— Я христианин, — отвечает он гордо.
— Ага. А Рашид — язычник, потому что у него другая религия, не такая, как у тебя.
— Есть только одна религия. Моя.
— Существует много религий. А тебе я удивляюсь, Ганси, я считал тебя умнее.
— Это ведь было так комично, с ковриком, — сказал мой брат и рассмеялся.
Теперь мы говорим по очереди, то по-немецки, то по-английски.
Маленький принц с оливковой кожей, стройным телом, черными глазами, большими и печальными, длинными темными шелковистыми ресницами отвечает, защищаясь:
— Я спрашиваю, где здесь восток. Я должен произнести свою вечернюю суру. На коврике. При этом должен кланяться на восток.
— У меня есть наручные часы с компасом, — говорю я. — Мы устанавливаем, где восток. Точно там, где находится окно. — Так, — заявляю я господину Гертериху, потому что именно он, а не я должен поднять свой авторитет, я помог ему достаточно, — теперь говорите вы!
Нет, этот воспитатель у нас не задержится! Он, должно быть, жил в совсем плохих условиях… Даже сейчас, когда я все расставил по своим местам, он говорит неуверенно и запинаясь:
— Рашид, клади коврик напротив окна и читай свою ночную молитву.
— Это сура, это не молитва, — отвечает маленький принц и смотрит на меня взглядом, полным благодарности.
— Читай свою суру, — бормочет смущенный господин Гертерих.
Я решил помочь ему еще раз:
— Да, — предлагаю я, — произноси ее громко, Рашид. На своем языке. Мы все будем слушать. Никто тебе мешать не будет. И если господин Гертерих или я — все равно когда, утром или вечером, — хотя бы раз услышим, что тебя донимают, эти сорванцы узнают что почем.
Маленький принц приводит в порядок коврик, становится на колени, касается головой пола и что-то говорит на своем родном языке.
Глава 23
После этого он поднимается, маленький Рашид, скручивает молитвенный коврик и вползает в свою кроватку. Али и Ганси делают то же самое.
— Спокойной ночи, — желает господин Гертерих.
— Good night, gentlemen,[20] — говорю я.
Никто не отвечает, только Рашид улыбается, и я замечаю, что Ганси видит эту улыбку. Неожиданно он тоже рассмеялся, эта ужасная черепушка, и мне теперь вообще непонятно, что я здесь за пять минут сотворил.

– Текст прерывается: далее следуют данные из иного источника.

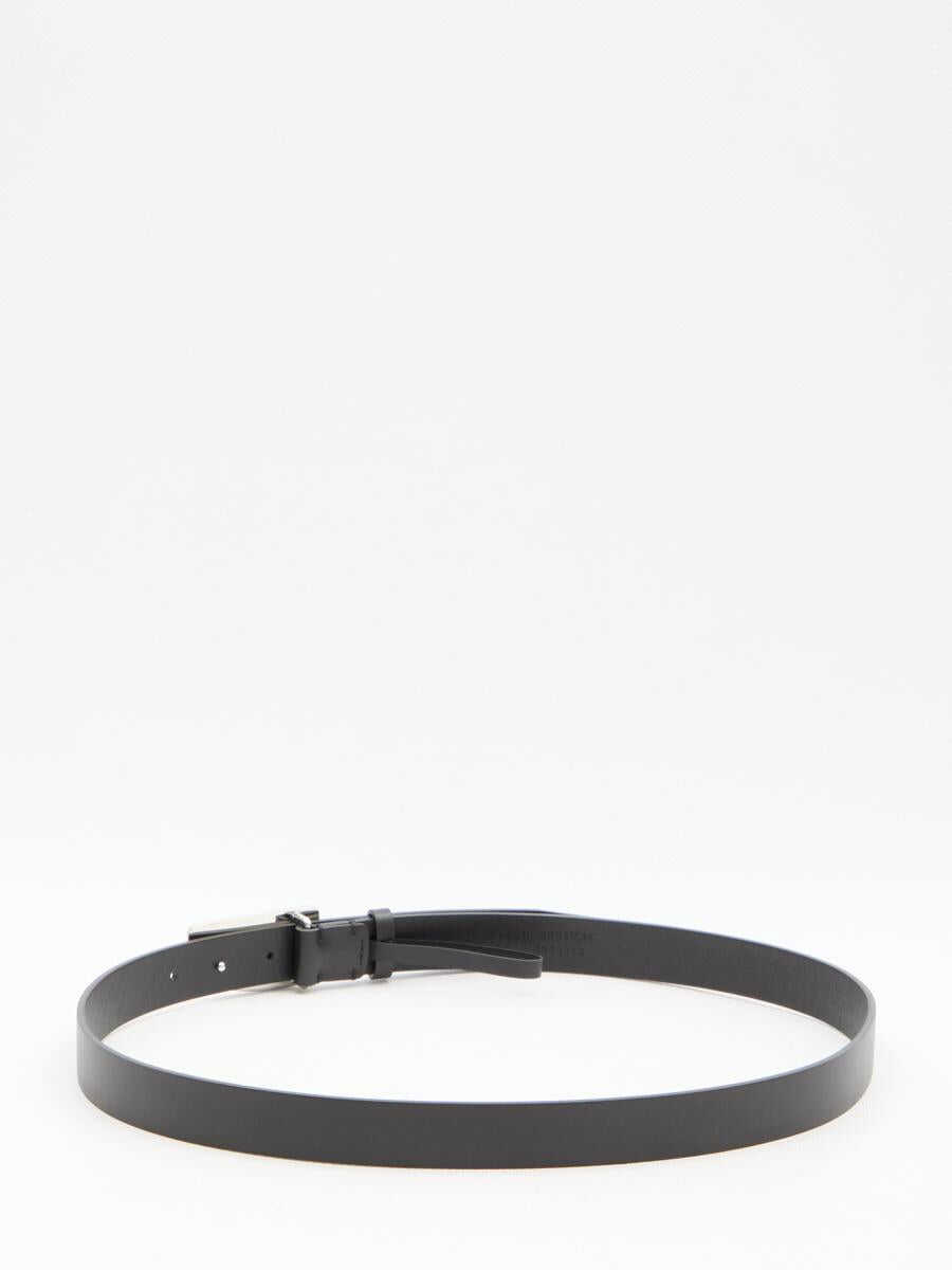 Shield Split belt in black smooth leather with Equestrian Knight Design buckle in silver-tone metal. Adjustable design.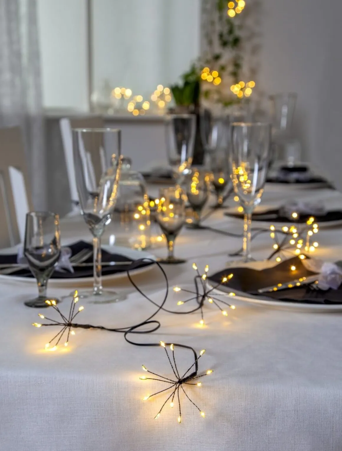 Vacker batteridriven ljusslinga med hela 96 varmvita LED dew drops fördelade på 8 små blombuketter. Kan användas vid diverse dekorationer, vid tex dukningar, blomsterarrangemang, julgranen och mycket mer. Batteriboxen är gjord för att klara utomhusbruk och har givetvis en inbyggd timer.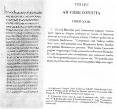 À titre d’illustration, examinons pour terminer le travail de l’éditeur du texte de Tite-Live : il a pour tâche de consulter tous les manuscrits de l’auteur qui sont parvenus jusqu’à nous afin d’établir le texte qu’il estime le plus juste. Voici un manuscrit de Tite-Live (l. XXIII) du Ve siècle (planche XI), conservé à la BNF sous la cote MS. lat. 5730 (fol. 77v), et voici, en regard, le texte édité aux Belles Lettres (2003).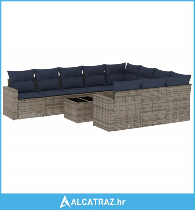 11-dijelni set vrtnih sofa od poliratana s jastucima sivi - NOVO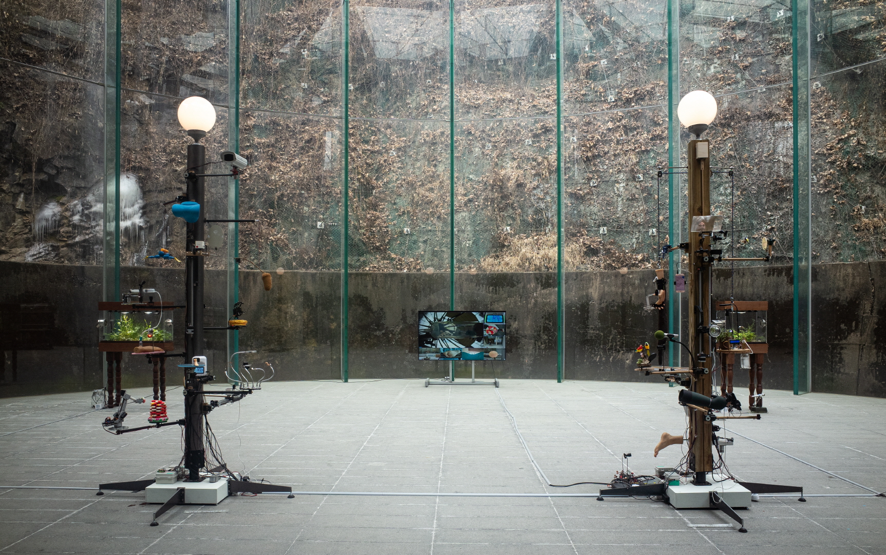 유화수, 《잡초의 자리》(2021.12.10~2022.1.9, 문화비축기지 T1 파빌리온) 전경. ⓒ김민관 유화수 작가의 《잡초의 자리》는 투명한 원형 파빌리온의 특성에 맞춰 수직적 위상을 지닌 작품 한 쌍을 일종의 미심쩍은 관문으로 전면 중앙에 세우고, 나머지 작업을 수평축으로 평행하게 분배한다. 좌우 대칭으로 〈SMART〉(2021. 180×50×150cm, 괴목, 드론 부품.), 〈워킹홀리데이〉(2021. 300×60×175cm, 나무, 철, 소금, 고춧가루, 모터, led, 가습장치, 팬, 채소.)가 위치하며, 그 뒤로 〈잡초의 자리〉(2021. 150×50×175cm, 80×50×175cm, 100×5×5cm, 스마트 팜 시스템, 잡초, 나무, 이끼.)가 분배된다. 이는 입구를 지난 이후의 본문에 해당할 것이다. 공간 가장 안쪽에는 CCTV가 자리하며 〈데이지와 이상한 기계〉(2021. 가변크기, 혼합재료.)에서 작동하는 세부들과 연결된 카메라의 영상들을 모두 담되 순차적으로 작은 화면들은 밀려나며 하나의 큰 화면에 다다른다.

Пора уже закрывать рот и мне, и господину Гертериху, этому бедняге!
Он идет сейчас со мной по коридору, подает мне потную холодную руку и заикается:
— Я благодарю вас, Оливер… я… я… Понимаете, сегодня мой первый день… Я просто болен от волнения… Так много детей. Маленькие, и все точно взбесились… Я боюсь, да, я признаюсь в этом, у меня ужасный страх… и если бы вы не помогли мне…
— Ваша душа должна покрыться мозолью, господин Гертерих. Иначе эти юнцы покончат с вами.
— Мозоль, мозоль, — бормочет он печально. — Легко сказать…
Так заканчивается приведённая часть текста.